Every line of the material below needs to be copied exactly; omit the pictures.

#### Recorded data
----

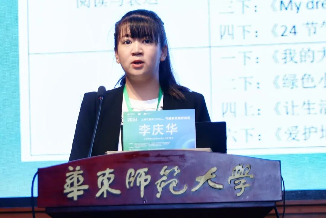 上海市金山区前京小学钱欢欣校长、上海市金山区生态环境局宣传与信息管理中心宣传教育室蒋轶婷主任、上海凤凰驿站文化体育发展有限公司石楠总经理,以及上海市金山区前京小学龚瑾晔、盛晓燕、王玲凤老师,以团队形式围绕《在“项目式学习”中打造气候变化教育》的主题进行了分享。该团队指出,自党的十八大以来,气候变化教育受到了越来越多的重视,形成了具有中国特色的“绿色学校、绿色课程、绿色教师”以及“绿色社区”的教育方案。团队在与华东师范大学李家成教授的合作下,以项目式学习为核心,推进气候变化教育的深入实施,并从前瞻性思考、系统性架构和实践案例三个方面分享了实践经验。
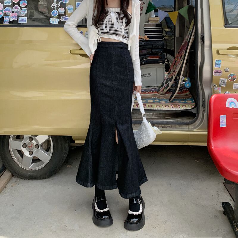 スリット入り ハイウエスト フレア デニム スカート ボトムス ロングスカート フレアスカート デニムスカート 膝下 ミモレ ミモレ丈 ロング ロング丈 スリム タイト 細身 Aライン スリット ファスナー かわいい 大人可愛い シンプル カジュアル 大人 おしゃれ お洒落 大人女子 無地 春 夏 秋 冬 10代 20代 レディース 通勤 学生 通学 デート お出かけ 女子会 休日 旅行 着回し 普段使い 韓国 韓国系 オルチャン サイズ S M L XL 色展開 黒 ブラック
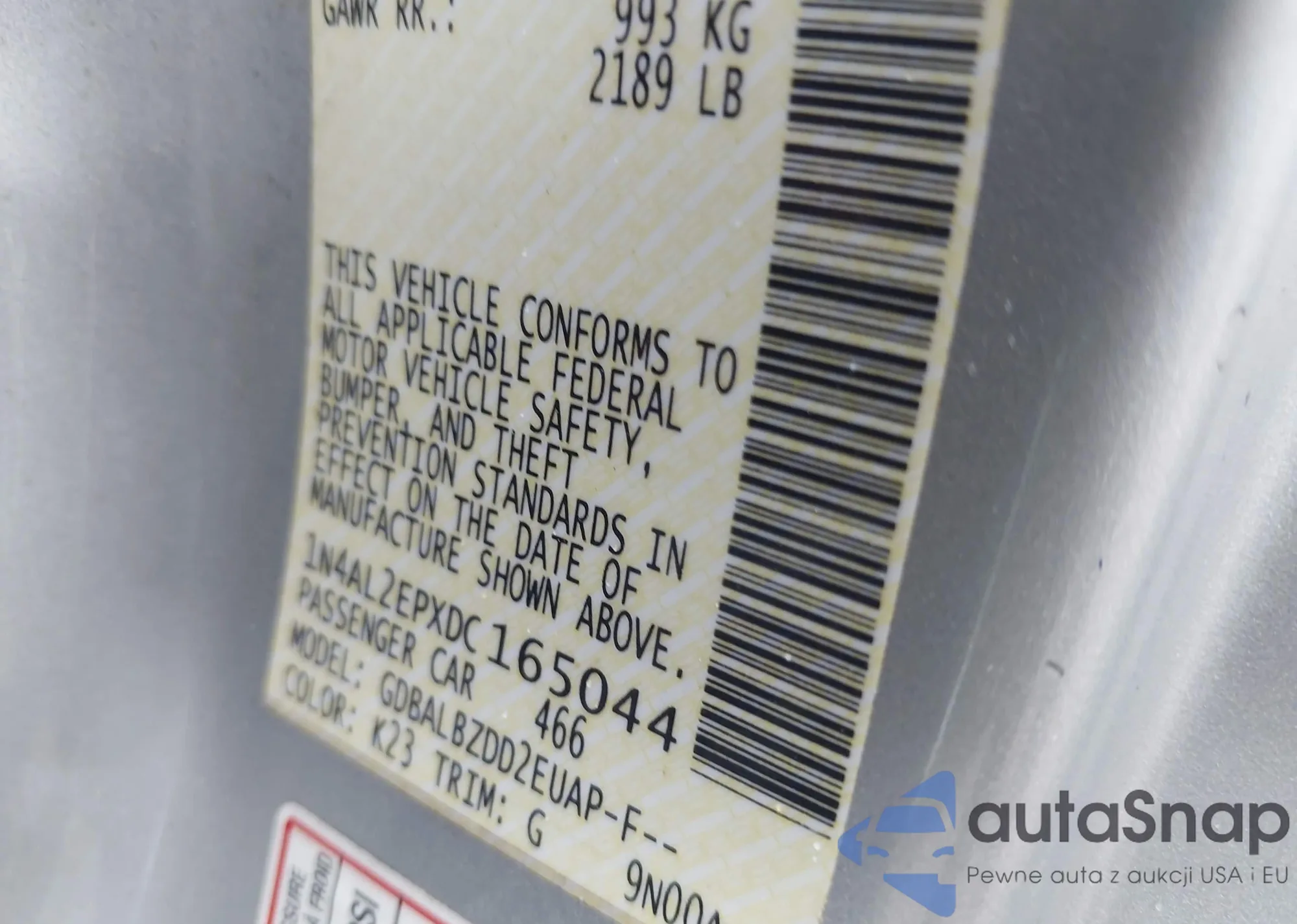 LOT: 43966383 VIN: 1N4AL2EPXDC165044
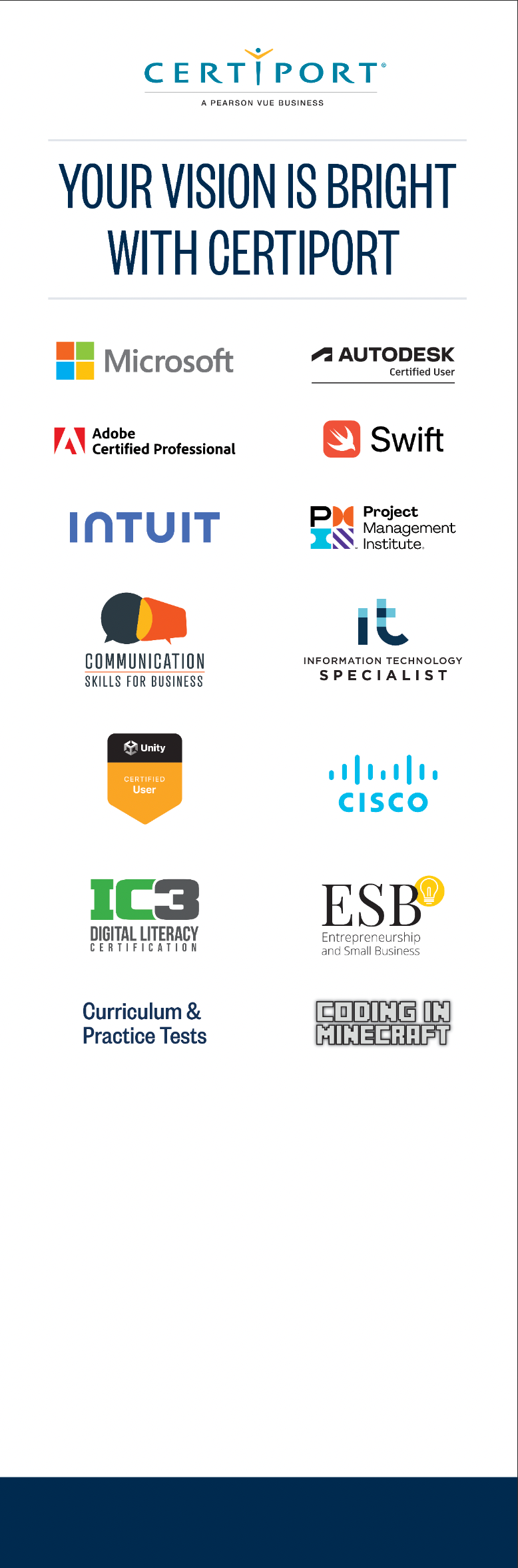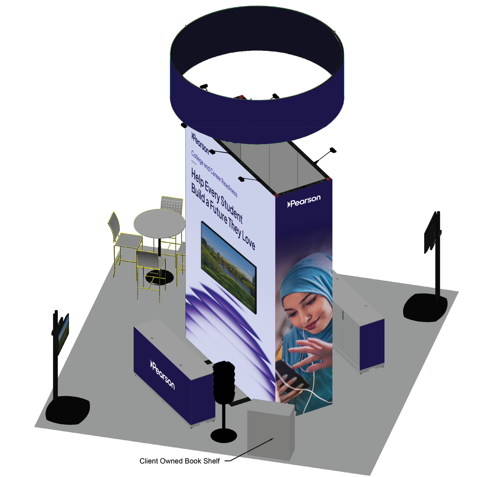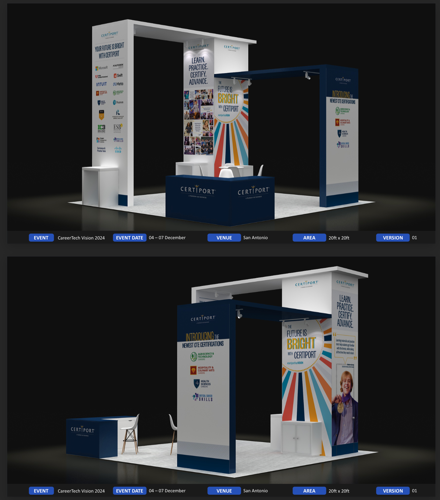 In 2025 the Certiport tradeshow booth needed to update to reflect more Pearson's new brand. The images above are what I worked on for the new booth (I worked with another designer who did the sides) and below is how the booth looked in real life.

----

#### Answer to this task
 上海市金山区前京小学钱欢欣校长、上海市金山区生态环境局宣传与信息管理中心宣传教育室蒋轶婷主任、上海凤凰驿站文化体育发展有限公司石楠总经理,以及上海市金山区前京小学龚瑾晔、盛晓燕、王玲凤老师,以团队形式围绕《在“项目式学习”中打造气候变化教育》的主题进行了分享。该团队指出,自党的十八大以来,气候变化教育受到了越来越多的重视,形成了具有中国特色的“绿色学校、绿色课程、绿色教师”以及“绿色社区”的教育方案。团队在与华东师范大学李家成教授的合作下,以项目式学习为核心,推进气候变化教育的深入实施,并从前瞻性思考、系统性架构和实践案例三个方面分享了实践经验。
 スリット入り ハイウエスト フレア デニム スカート ボトムス ロングスカート フレアスカート デニムスカート 膝下 ミモレ ミモレ丈 ロング ロング丈 スリム タイト 細身 Aライン スリット ファスナー かわいい 大人可愛い シンプル カジュアル 大人 おしゃれ お洒落 大人女子 無地 春 夏 秋 冬 10代 20代 レディース 通勤 学生 通学 デート お出かけ 女子会 休日 旅行 着回し 普段使い 韓国 韓国系 オルチャン サイズ S M L XL 色展開 黒 ブラック
 LOT: 43966383 VIN: 1N4AL2EPXDC165044
 In 2025 the Certiport tradeshow booth needed to update to reflect more Pearson's new brand. The images above are what I worked on for the new booth (I worked with another designer who did the sides) and below is how the booth looked in real life.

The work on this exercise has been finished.